Lenses with focal lengths of 400mm to 800mm and apertures around f/4 or 5.6 are favoured by bird and wildlife photographers, who will often add a 1.4x or 2x extender for additional reach. Prime and zoom lenses each have their own advantages, but beginners usually start with a zoom because of its versatility.

What focal length do you need for backyard bird photography?

From personal experience, you need as much focal length as possible. You will sometimes find yourself in a situation where a little more reach is necessary. But when you factor in your budget and what lenses are available, “as much as possible”, realistically becomes 600 – 800mm. With a 2x extender (also known as a teleconverter), that effectively becomes 1200 – 1600mm. However, that will push the image quality a little.
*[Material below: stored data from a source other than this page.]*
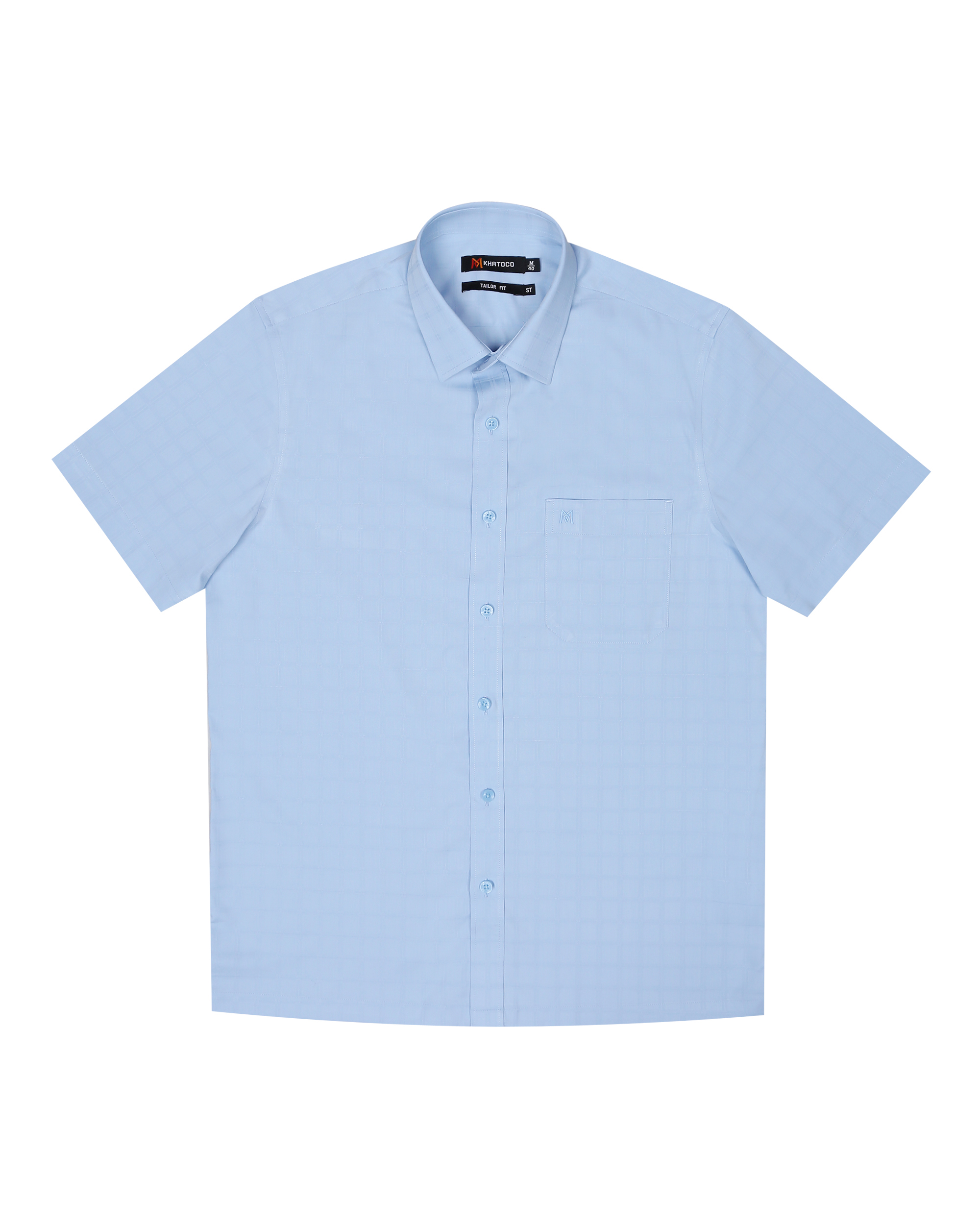 Áo sơ mi nam tay ngắn lai ngang – Khatoco - Mã hàng: A1MN538T2 - Chất liệu: 75% Polyester + 22% Viscose (Bamboo) + 3% Spandex → Vải mềm mại, thoáng mát, co giãn nhẹ,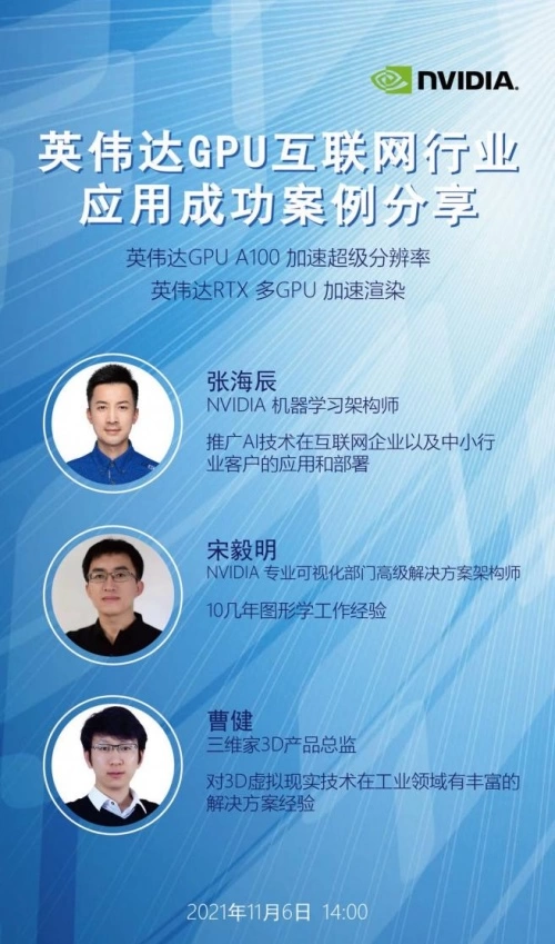 2021年11月6日,GPU发明者&AI计算引领者NVIDIA(英伟达)举办GPU技术主题研讨会,邀请三维家3D产品总监曹健进行家居行业应用成功案例分享。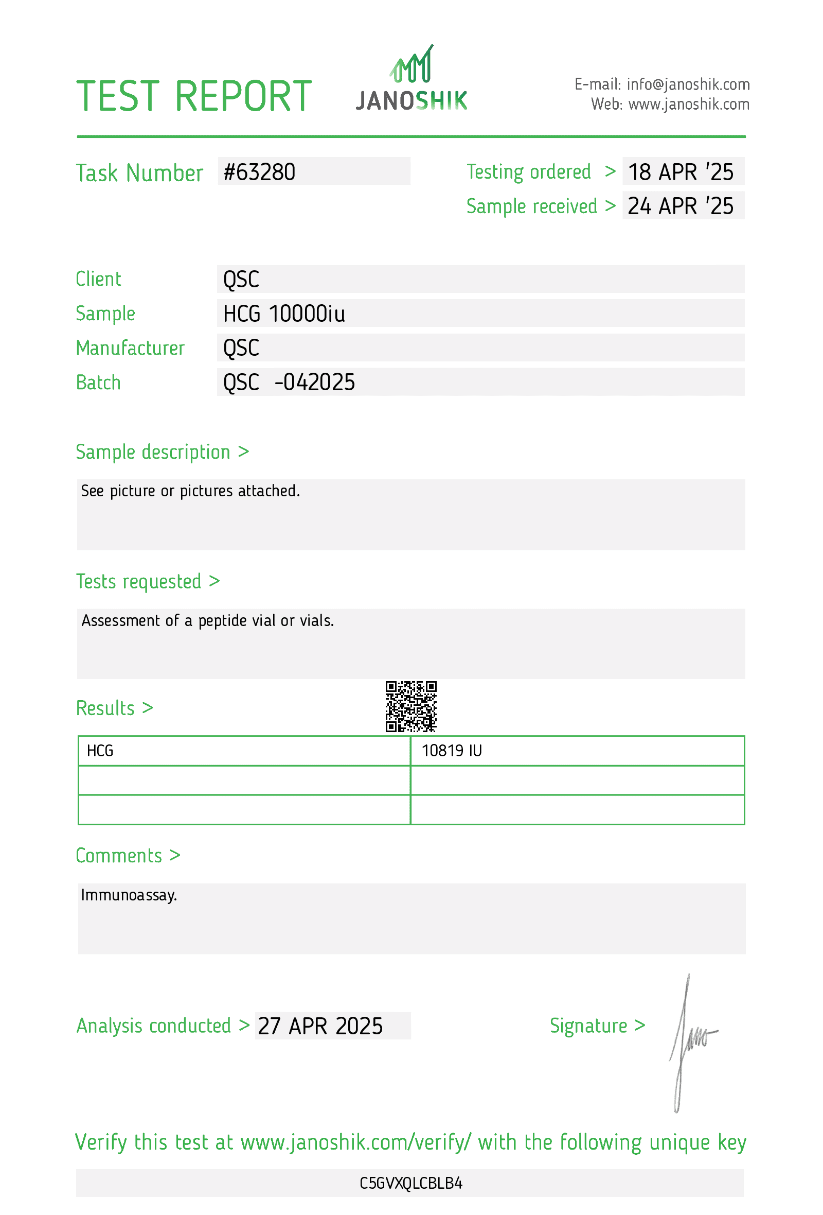 HCG (Human Chorionic Gonadotropin — LH receptor agonist) is a Glycoprotein hormone (alpha: 92aa + beta: 145aa + C-terminal extension). Glycoprotein hormone activating LH receptor (LHCGR) — structurally identical alpha subunit to LH, with unique beta-subunit C-terminal extension extending half-life (36hr vs 2hr for LH). Stimulates Leydig cell testosterone, Sertoli cell function, spermatogenesis maintenance, and corpus luteum progesterone.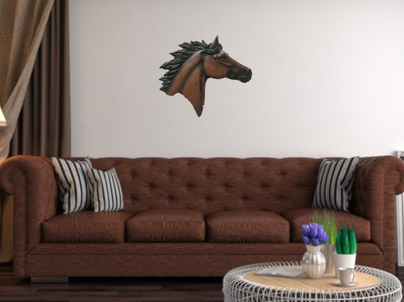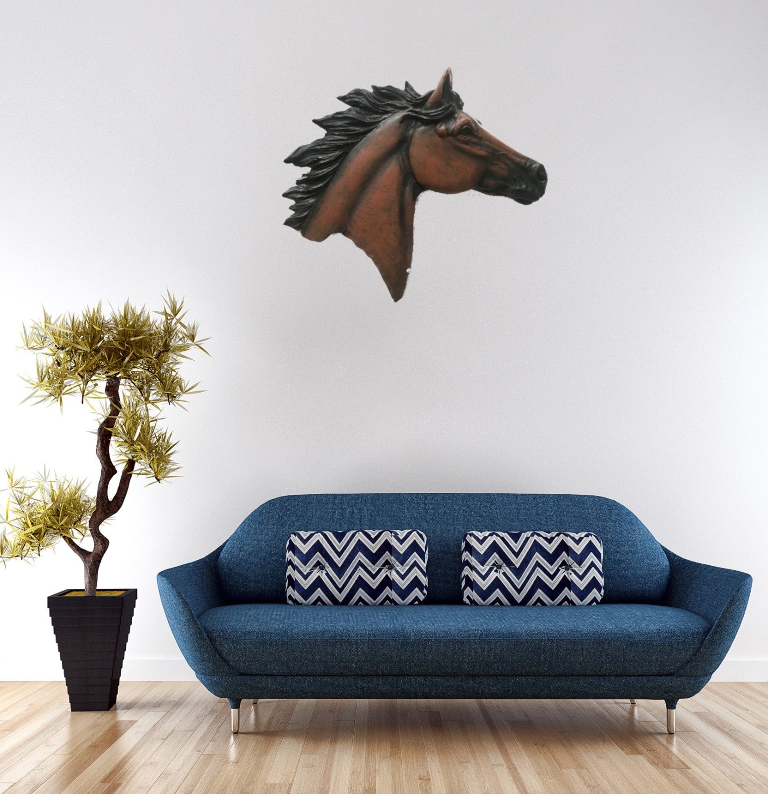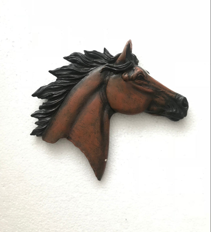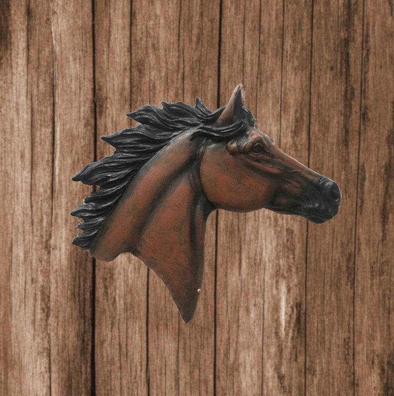 Hello statement maker!!!! This horse head sculpture will sure add the missing farmhouse touch to any of your rooms. Feature it on any of your walls and you will have a statement piece year round! Just add a preserved boxwood wreath around it in the Spring, a nice lavender wreath in the summer, one of earthy tones in the Fall or just a cotton wreath in the winter and it will look gorgeous throughout the seasons!* Crafted of Cold Cast Resin Metallic Bronze Finish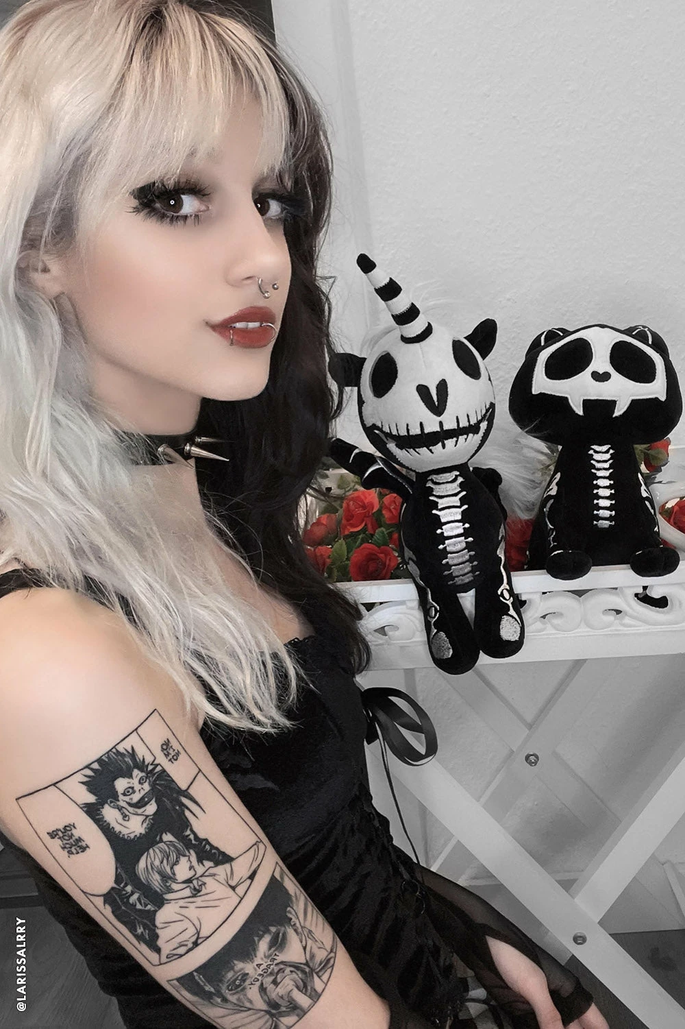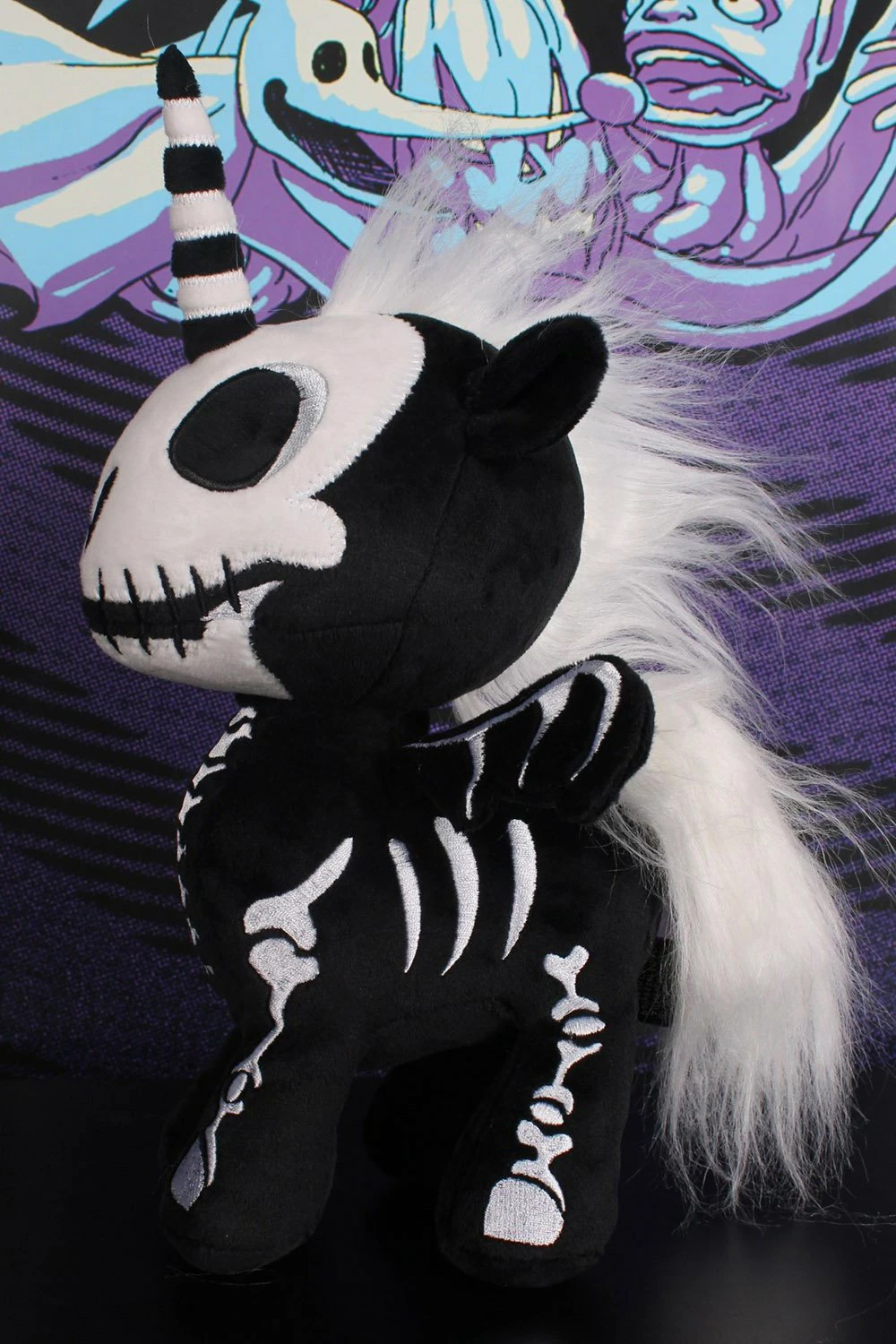 Make any room magical as an emo rainbow with this skeleton unicorn! Made of soft huggable plush, this creepy cutie features a dead unicorn complete with bat wings, bony body, fiendish fangs, striped horn, and ghostly-white mane. Play with her posable wings—stand her up on her haunted hooves! Adopt Unibones and she will love you with her whole, unbeating unicorn heart.Â

Even outside factors like heat haze will become even more apparent at those kinds of focal lengths. You’ll probably get better results by trying to get closer to the subject and using a focal length in the 400-1000mm range.

When taking shots of single birds most bird photographers aim to have the bird fill about a third of the frame height. Although the subject, situation, your personal preference, and choice of composition will also determine the size of the bird in the frame. Obviously, you will need less focal length to fill the frame when photographing a Crow than a House Sparrow, so your choice of focal length will also be determined by the species you’re targeting.

The following image sequence shows how large a bird appears in the frame at focal lengths from 100 to 700mm using a Canon RF 100-500mm f/4.5-7.1 at f/10 (+1.4x extender for 700mm). The distance to the toy bird is 30ft (9.15m).

The size change of a backyard bird with changing focal length, from 100mm to 700mm
The size change of a backyard bird with changing focal length, from 100mm to 700mm

In these images I’ve used a soft toy bird to simulate the size of a typical backyard or garden bird. For reference, the bird is about 6 inches high, so a reasonable substitute for a bird like a Blackbird or Starling. Obviously, birds the size of a sparrow will look about half the size.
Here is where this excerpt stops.